• DATA FOR THIS TASK:
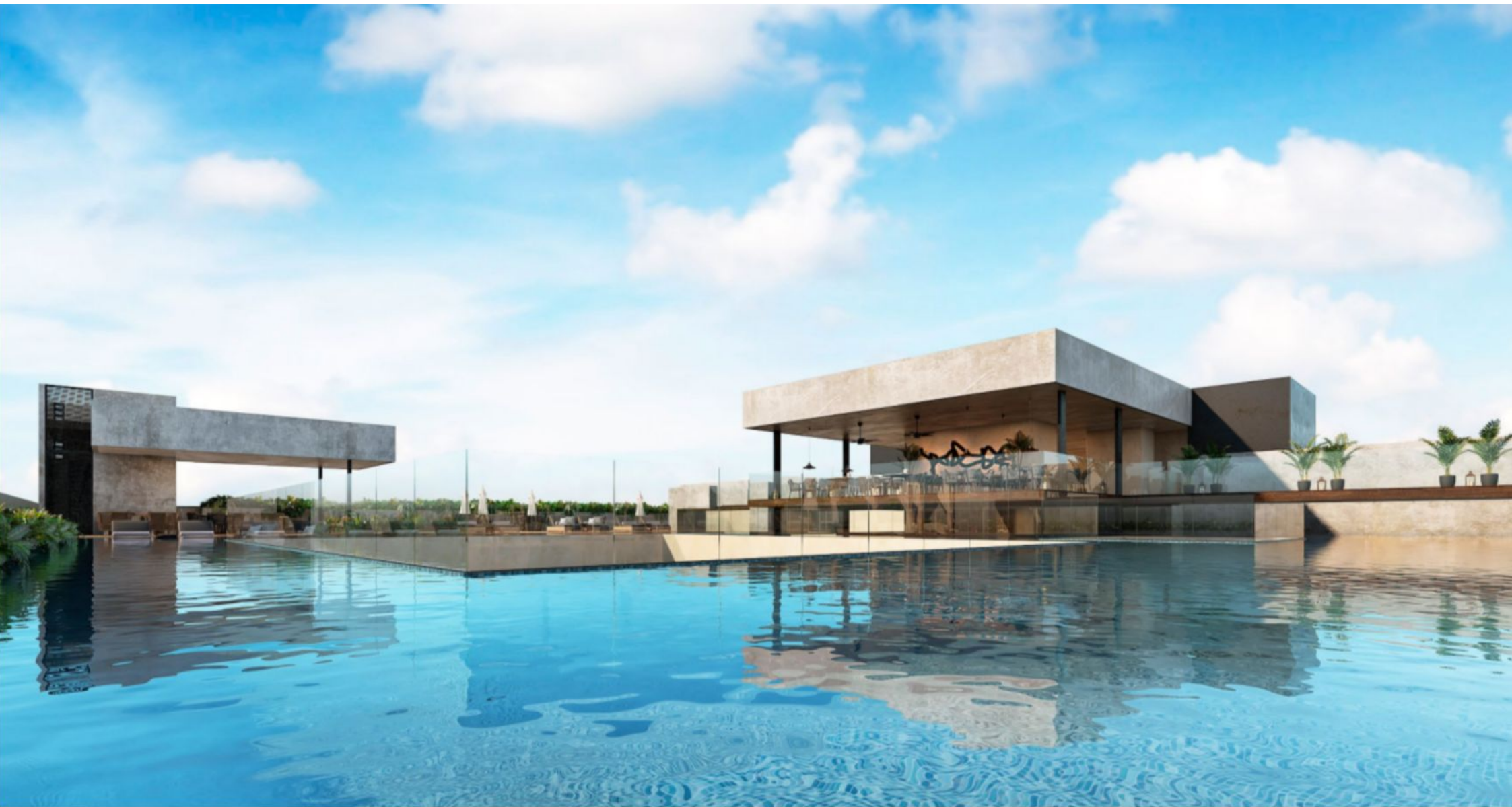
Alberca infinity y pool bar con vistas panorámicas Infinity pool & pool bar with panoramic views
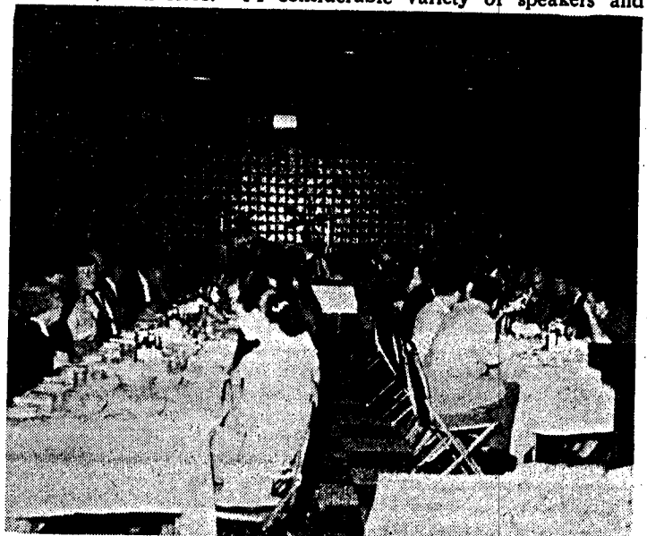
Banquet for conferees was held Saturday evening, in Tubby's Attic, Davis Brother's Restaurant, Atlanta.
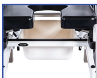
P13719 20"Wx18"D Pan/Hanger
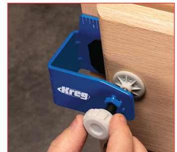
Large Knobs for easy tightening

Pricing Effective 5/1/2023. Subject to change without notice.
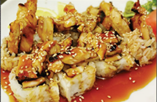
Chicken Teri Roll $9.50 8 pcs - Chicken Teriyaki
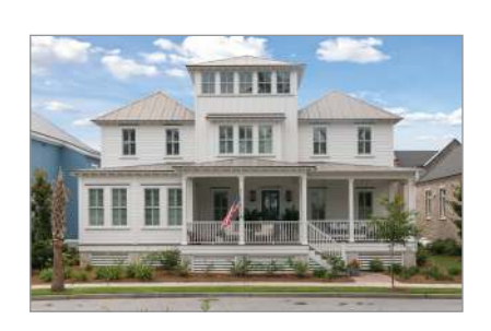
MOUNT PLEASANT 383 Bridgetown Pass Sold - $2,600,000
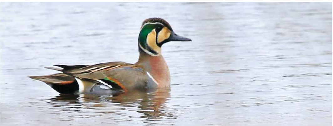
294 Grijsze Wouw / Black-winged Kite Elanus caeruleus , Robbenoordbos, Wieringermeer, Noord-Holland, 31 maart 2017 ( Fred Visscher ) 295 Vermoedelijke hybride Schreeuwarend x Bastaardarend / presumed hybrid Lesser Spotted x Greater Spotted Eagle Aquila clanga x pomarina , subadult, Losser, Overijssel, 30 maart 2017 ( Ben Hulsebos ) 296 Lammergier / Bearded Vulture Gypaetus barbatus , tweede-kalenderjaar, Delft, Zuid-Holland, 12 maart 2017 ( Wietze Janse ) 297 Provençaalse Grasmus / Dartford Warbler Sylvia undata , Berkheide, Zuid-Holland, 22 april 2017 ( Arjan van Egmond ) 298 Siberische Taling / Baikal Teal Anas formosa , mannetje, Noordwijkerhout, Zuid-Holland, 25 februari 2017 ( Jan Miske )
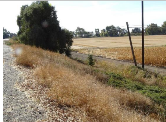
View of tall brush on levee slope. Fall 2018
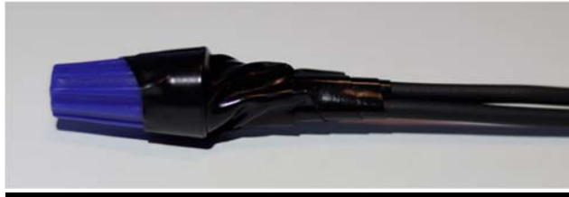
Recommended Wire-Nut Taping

...

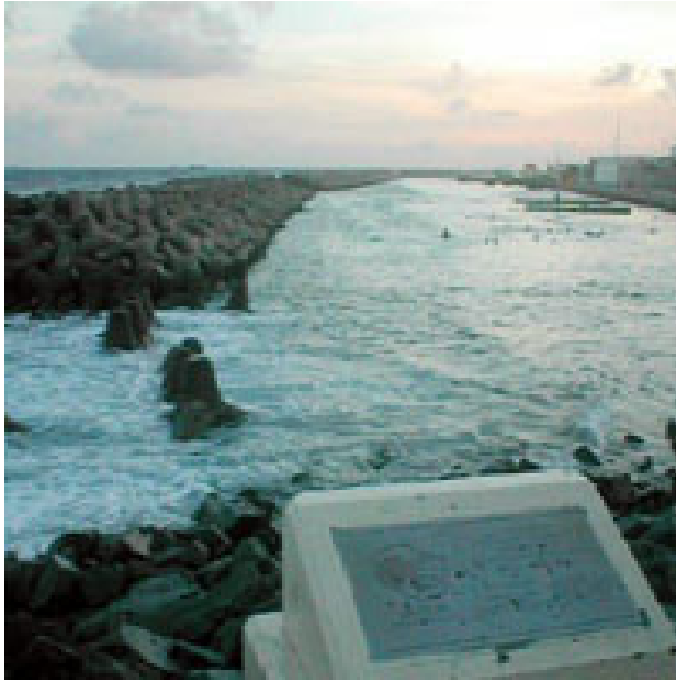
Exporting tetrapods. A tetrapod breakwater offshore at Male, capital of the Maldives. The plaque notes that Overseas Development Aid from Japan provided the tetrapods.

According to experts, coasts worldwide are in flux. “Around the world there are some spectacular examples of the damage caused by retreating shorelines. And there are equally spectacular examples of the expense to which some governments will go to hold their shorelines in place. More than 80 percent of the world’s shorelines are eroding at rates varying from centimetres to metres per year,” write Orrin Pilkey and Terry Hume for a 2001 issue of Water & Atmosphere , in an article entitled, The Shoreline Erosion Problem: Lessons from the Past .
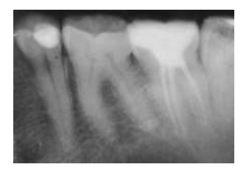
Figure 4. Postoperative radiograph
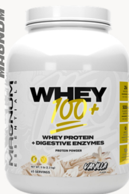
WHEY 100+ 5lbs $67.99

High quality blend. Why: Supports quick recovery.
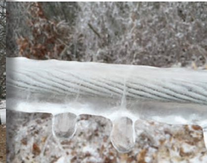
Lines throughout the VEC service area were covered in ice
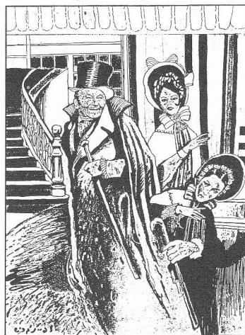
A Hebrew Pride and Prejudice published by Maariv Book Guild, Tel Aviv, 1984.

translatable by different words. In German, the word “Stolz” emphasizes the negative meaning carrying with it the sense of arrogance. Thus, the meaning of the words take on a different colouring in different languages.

• TASK OBJECTIVE:
Each line above from the one with "A Hebrew Pride" up to and including the one with "translatable by different" must be set down exactly, and no line outside that span may appear.

• EXERCISE RESPONSE:
A Hebrew Pride and Prejudice published by Maariv Book Guild, Tel Aviv, 1984.

translatable by different words. In German, the word “Stolz” emphasizes the negative meaning carrying with it the sense of arrogance. Thus, the meaning of the words take on a different colouring in different languages.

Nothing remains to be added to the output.